| Your instructions |
Beginning with the opening line of the entries, return every line through the one containing "Блок питания sony", both included, and nothing else. Omit pictures.

++++ Entries supplied ++++

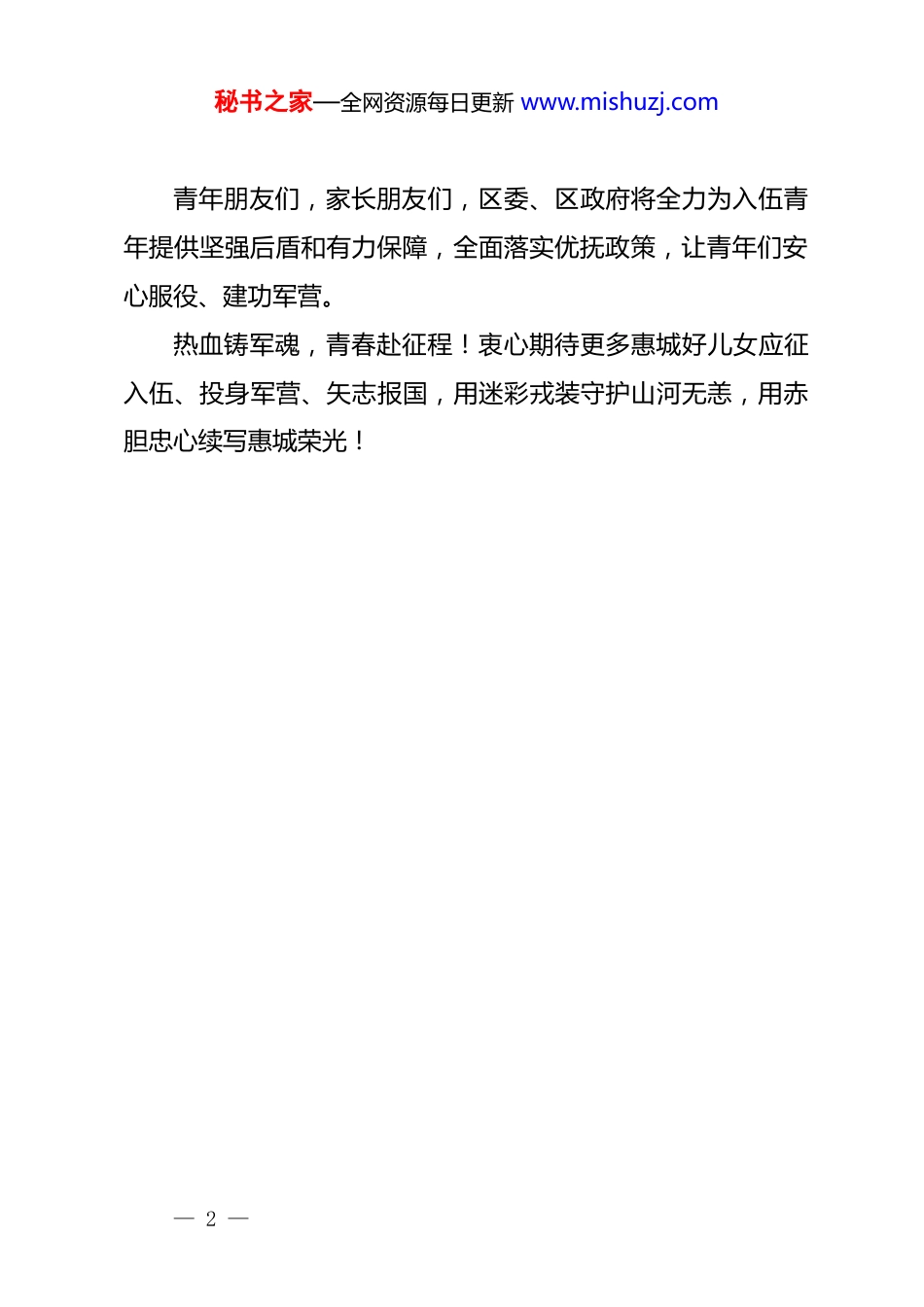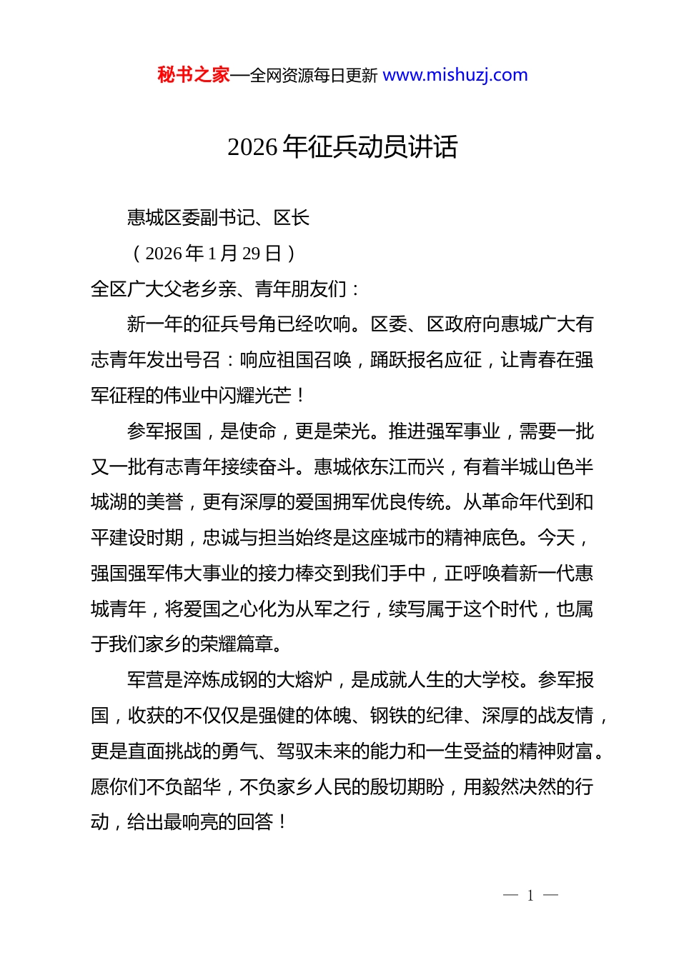 秘书之家—全网资源每日更新 www.mishuzj.com2026 年征兵动员讲话惠城区委副书记、区长(2026 年 1 月 29 日)全区广大父老乡亲、青年朋友们:新一年的征兵号角已经吹响。区委、区政府向惠城广大有志青年发出号召:响应祖国召唤,踊跃报名应征,让青春在强军征程的伟业中闪耀光芒!参军报国,是使命,更是荣光。推进强军事业,需要一批又一批有志青年接续奋斗。惠城依东江而兴,有着半城山色半城湖的美誉,更有深厚的爱国拥军优良传统。从革命年代到和平建设时期,忠诚与担当始终是这座城市的精神底色。今天,强国强军伟大事业的接力棒交到我们手中,正呼唤着新一代惠城青年,将爱国之心化为从军之行,续写属于这个时代,也属于我们家乡的荣耀篇章。军营是淬炼成钢的大熔炉,是成就人生的大学校。参军报国,收获的不仅仅是强健的体魄、钢铁的纪律、深厚的战友情,更是直面挑战的勇气、驾驭未来的能力和一生受益的精神财富。愿你们不负韶华,不负家乡人民的殷切期盼,用毅然决然的行动,给出最响亮的回答!— 1 —秘书之家—全网资源每日更新 www.mishuzj.com青年朋友们,家长朋友们,区委、区政府将全力为入伍青年提供坚强后盾和有力保障,全面落实优抚政策,让青年们安心服役、建功军营。热血铸军魂,青春赴征程!衷心期待更多惠城好儿女应征入伍、投身军营、矢志报国,用迷彩戎装守护山河无恙,用赤胆忠心续写惠城荣光!— 2 —
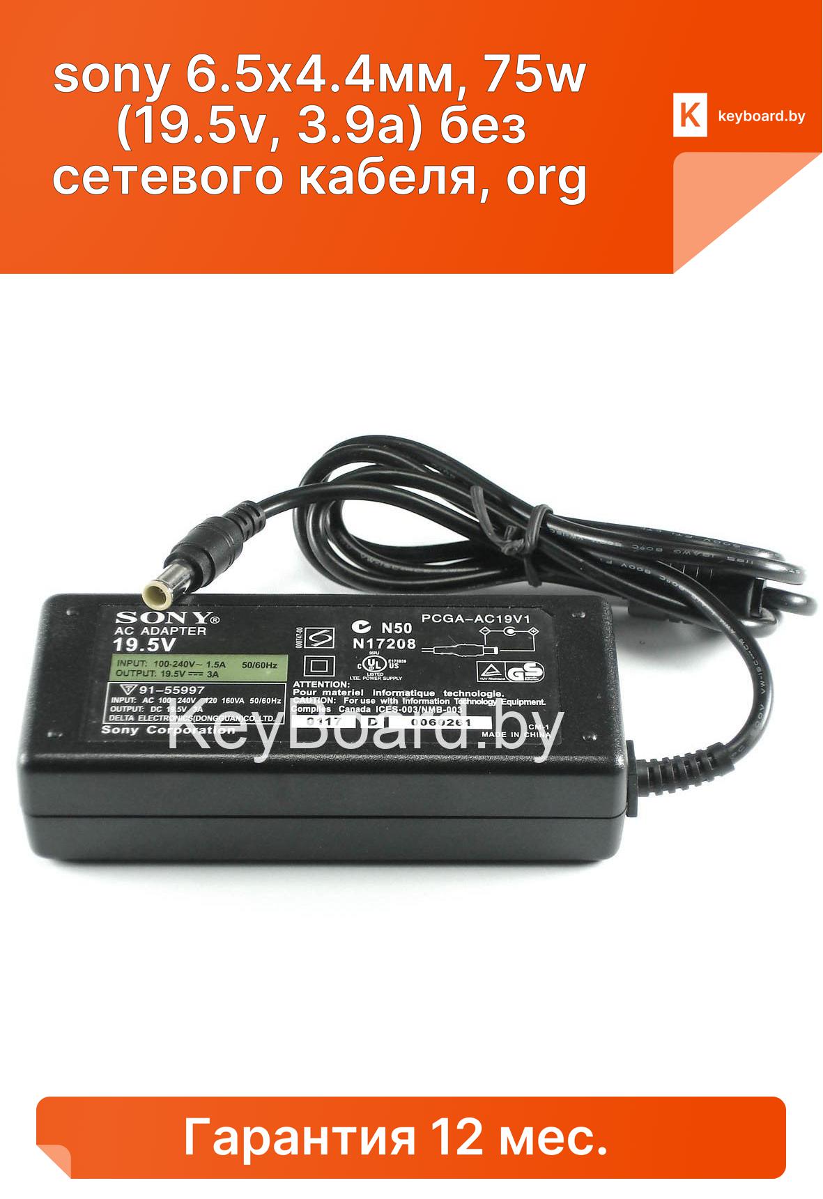 Блок питания sony 6.5x4.4мм, 75w (19.5v, 3.9a) без сетевого кабеля, org
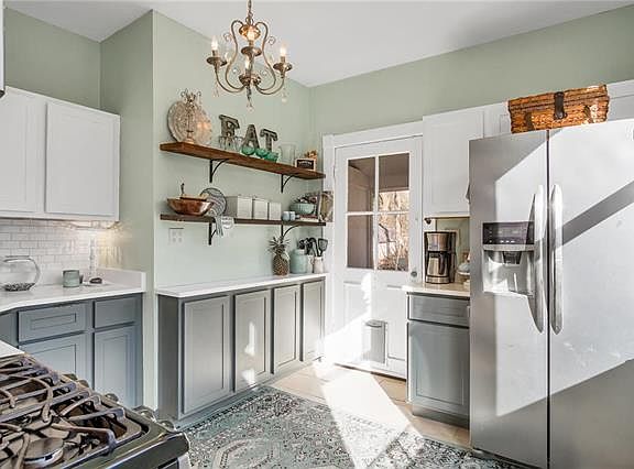 A 1.5 story home in Tuxedo Park with updates and charm. An inviting front porch entry opens to a large living room with fireplace. Polished hardwood floors and period wood-trimmed windows, doors and baseboards throughout. An archway leads to a separate dining room. The light-filled kitchen features painted white/grey cabinetry, tile flooring and SS appliances. A sun porch off the kitchen overlooks the large, level backyard with new retaining wall. Two first floor bedrooms and a full bathroom with updates and period honeycomb tile flooring. Newly installed barn doors on each bedroom round out the uniqueness of this first floor. Two additional bedrooms on the upper level also features built-in bookshelves and storage closet. Partially finished lower level with family room/rec room space, workshop and ample storage. Family friendly neighborhood within walking distance to Avery Elementary, Lockwood Park, shopping and dining. New plumbing and 1 year old Architectural roof. A must see!
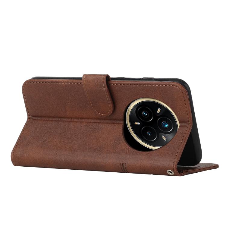 Funda de Piel con Textura de Becerro y Hebilla para Realme 14 Pro+ (Marrón)
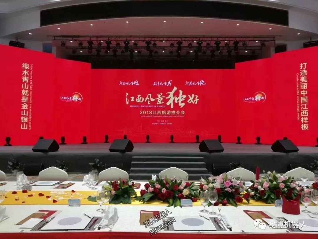 機器人大白亮相2018江西省旅游產業發展大會,作為服務機器人迎賓接待,本次大會由江西省委、省政府主辦,江西省旅游發展委員會、撫州市市委、市政府承辦。副省長吳忠瓊主持會議。
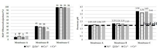 The rejection performance of the hereby studied pH-stable NF membranes shows that they cannot be used as a stand-alone process to treat EPWW if the goal is to obtain a permeate that meets the discharge limits for heavy metals. For such a purpose, hybrid processes or RO should be applied. However, this drawback could be offset by the enhanced acid recovery of which Membrane A is capable. This is an interesting feature, which can be utilized to improve the process economy and sustainability, as the purified acidic permeate could be recycled into the process, thus reducing the consumption of fresh acid and closing the loop of the acidic permeate.
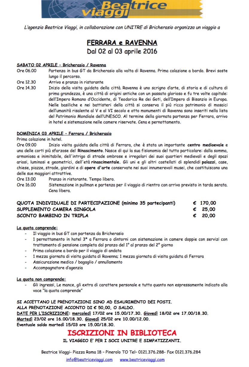 Sono ancora aperte martedì 15 marzo dalle 15,00 alle 18,30 presso la biblioteca comunale di Bricherasio di Via Vittorio Emanuele 79/B le iscrizioni per partecipare alla gita sociale organizzata dall’Unitre di Bricherasio per soci e simpatizzanti, a Ravenna e Ferrara prevista per sabato 2 e Domenica 3 aprile. Partenza da Piazza Santa Maria alle ore 6 con arrivo previsto per il pranzo.balle 14,30 inizio della visita guidata di Ravenna con i suoi battisteri e monumenti inseriti nella lista del Patrimonio Mondiale dell'Unesco e al termine della giornata partenza per Ferrara con arrivo e sistemazione in hotel per la cena ed il pernottamento. La Domenica dopo la colazione in hotel partenza per la visita con guida della città, importante centro medioevale ed una delle corti più sfarzose dell'età rinascimentale. Dopo il pranzo in ristorante delle 13 visita libera fino alle ore 16 per la sistemazione sul pullman per il rientro previsto in serata con cena libera. La quota di partecipazione è di 170,00 € da versare all'atto dell'iscrizione e comprende viaggio, pernottamento in hotel 3 stelle e l'accompagnatore.
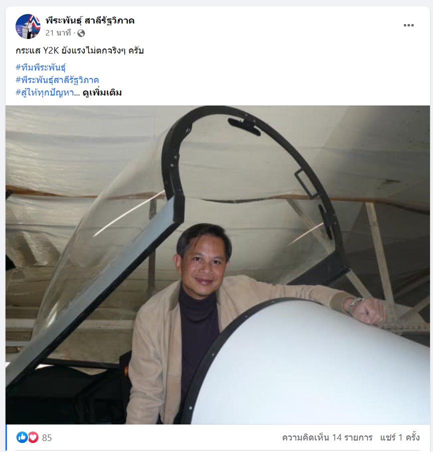 เมื่อวันที่ 13 เม.ย. นายพีระพันธุ์ สาลีรัฐวิภาค หัวหน้าพรรครวมไทยสร้างชาติ โพสต์ภาพถ่ายในอดีตบนเฟซบุ๊กส่วนตัว พร้อมแคปชัน “กระแส Y2K ยังแรงไม่ตกจริงๆ ครับ #ทีมพีระพันธุ์ #พีระพันธุ์สาลีรัฐวิภาค #สู้ให้ทุกปัญหาพึ่งพาได้ทุกเรื่อง”
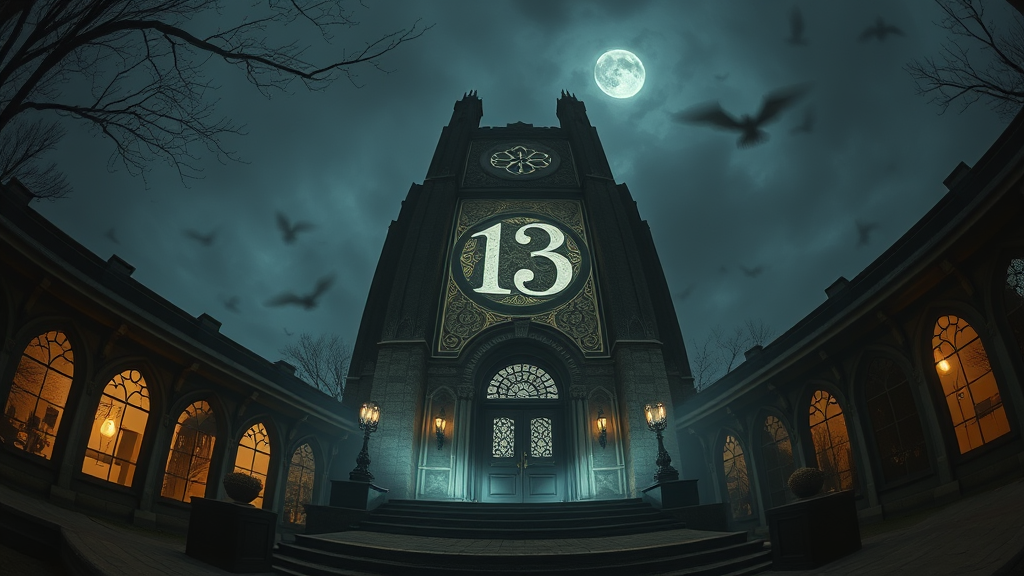 Hyper realistic fisheye exterior photo of a tarot card "13th" in a gothic style, towering over the scene with cinematic and indirect lighting, reminiscent of an AD magazine spread. Inspired by the eerie aesthetics of Tim Burton, combined with the modernist influence of Eames and Mies van der Rohe. The scene blends dark whimsy with sleek architectural elements, capturing a mysterious yet sophisticated atmosphere.
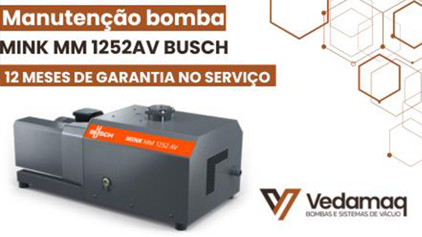 Confie na nossa manutenção para sua Bomba Vácuo MINK MM1252AV: garantia 12 meses, peças Busch originais, vácuo otimizado e ruídos reduzidos.
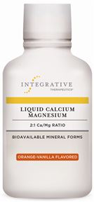 Liquid Calcium Magnesium provides a 2:1 ratio of calcium (citrate) to magnesium with an orange-vanilla flavor.
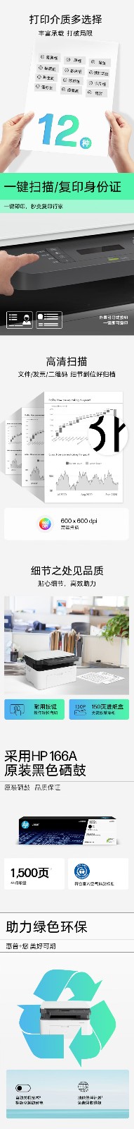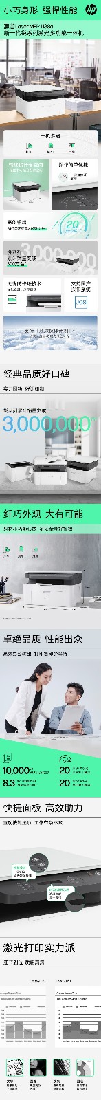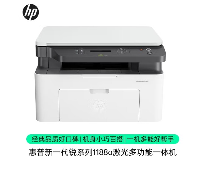 惠普/HP 1188a A4 黑白打印机 激光多功能商务办公一体机 三合一打印复印扫描打印机(136a升级版)

++++

| Reply |
 秘书之家—全网资源每日更新 www.mishuzj.com2026 年征兵动员讲话惠城区委副书记、区长(2026 年 1 月 29 日)全区广大父老乡亲、青年朋友们:新一年的征兵号角已经吹响。区委、区政府向惠城广大有志青年发出号召:响应祖国召唤,踊跃报名应征,让青春在强军征程的伟业中闪耀光芒!参军报国,是使命,更是荣光。推进强军事业,需要一批又一批有志青年接续奋斗。惠城依东江而兴,有着半城山色半城湖的美誉,更有深厚的爱国拥军优良传统。从革命年代到和平建设时期,忠诚与担当始终是这座城市的精神底色。今天,强国强军伟大事业的接力棒交到我们手中,正呼唤着新一代惠城青年,将爱国之心化为从军之行,续写属于这个时代,也属于我们家乡的荣耀篇章。军营是淬炼成钢的大熔炉,是成就人生的大学校。参军报国,收获的不仅仅是强健的体魄、钢铁的纪律、深厚的战友情,更是直面挑战的勇气、驾驭未来的能力和一生受益的精神财富。愿你们不负韶华,不负家乡人民的殷切期盼,用毅然决然的行动,给出最响亮的回答!— 1 —秘书之家—全网资源每日更新 www.mishuzj.com青年朋友们,家长朋友们,区委、区政府将全力为入伍青年提供坚强后盾和有力保障,全面落实优抚政策,让青年们安心服役、建功军营。热血铸军魂,青春赴征程!衷心期待更多惠城好儿女应征入伍、投身军营、矢志报国,用迷彩戎装守护山河无恙,用赤胆忠心续写惠城荣光!— 2 —
 Блок питания sony 6.5x4.4мм, 75w (19.5v, 3.9a) без сетевого кабеля, org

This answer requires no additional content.